# Multivariate cholesky model

20 posts / 0 new Offline
Joined: 08/17/2018 - 21:55
Multivariate cholesky model

Hi,

I have a dataset of twins on 4 time-points. I can fit the Multivariate cholesky decompositon model with ACE components. It considers unstrcutured covariance matrices for A, C and E component. I was wondering if its possible to restrict it to a special structure? Like, say compound symmetric or AR1.

Thanks Offline
Joined: 01/24/2014 - 12:15
yes; reparameterize
I was wondering if its possible to restrict it to a special structure? Like, say compound symmetric or AR1

Yes, that's possible, but it would be difficult to do under the Cholesky parameterization. It could be done with Cholesky, but you'd need to use MxConstraints on the off-diagonal elements of the A, C, and E correlation matrices.

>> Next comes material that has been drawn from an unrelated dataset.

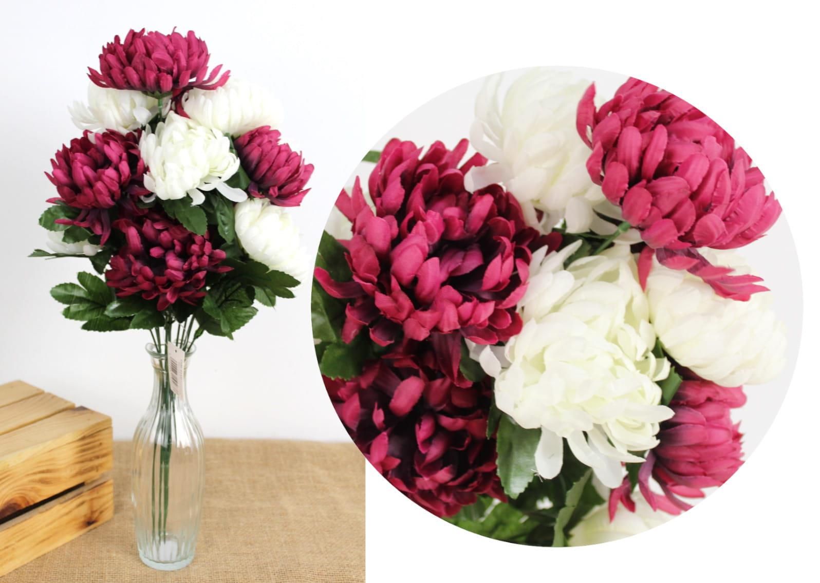 Hurt 7&7 Bukiet Sztucznych Chryzantem 50Cm 14 Łodyg Ciemnoróżowo Biały Gniewkowo

I recommend instead using a correlated-factors paramterization. Under that parameterization, the A, C, and E covariance matrices would each be equal to a matrix of loadings times a factor correlation matrix times the transpose of the matrix of loadings. There would be a loadings matrix and a factor correlation matrix for each of A, C, and E. Each phenotype would load only onto its own A (or whatever) factor; the loadings matrix could just be a diagonal matrix. The factor correlation matrix would have the structure you want. For compound symmetry, the factor correlation matrix could be an MxMatrix of type="Stand" and the same parameter label for all the off-diagonals. For AR1, I would suggest making a 1x1 matrix for the first-order correlation, and then define the factor correlation matrix as an MxAlgebra assembled, via cbind() and rbind(), from the first-order correlation raised to the appropriate power per cell (with ones on the diagonal of course). Loehlin (1996) and Neale, Røysamb, & Jacobson (2006) may be useful references. Offline
Joined: 08/17/2018 - 21:55
Can you guide me how to addd

Can you guide me how to addd constraints in Cholesky Model? This is how I am currently specifying.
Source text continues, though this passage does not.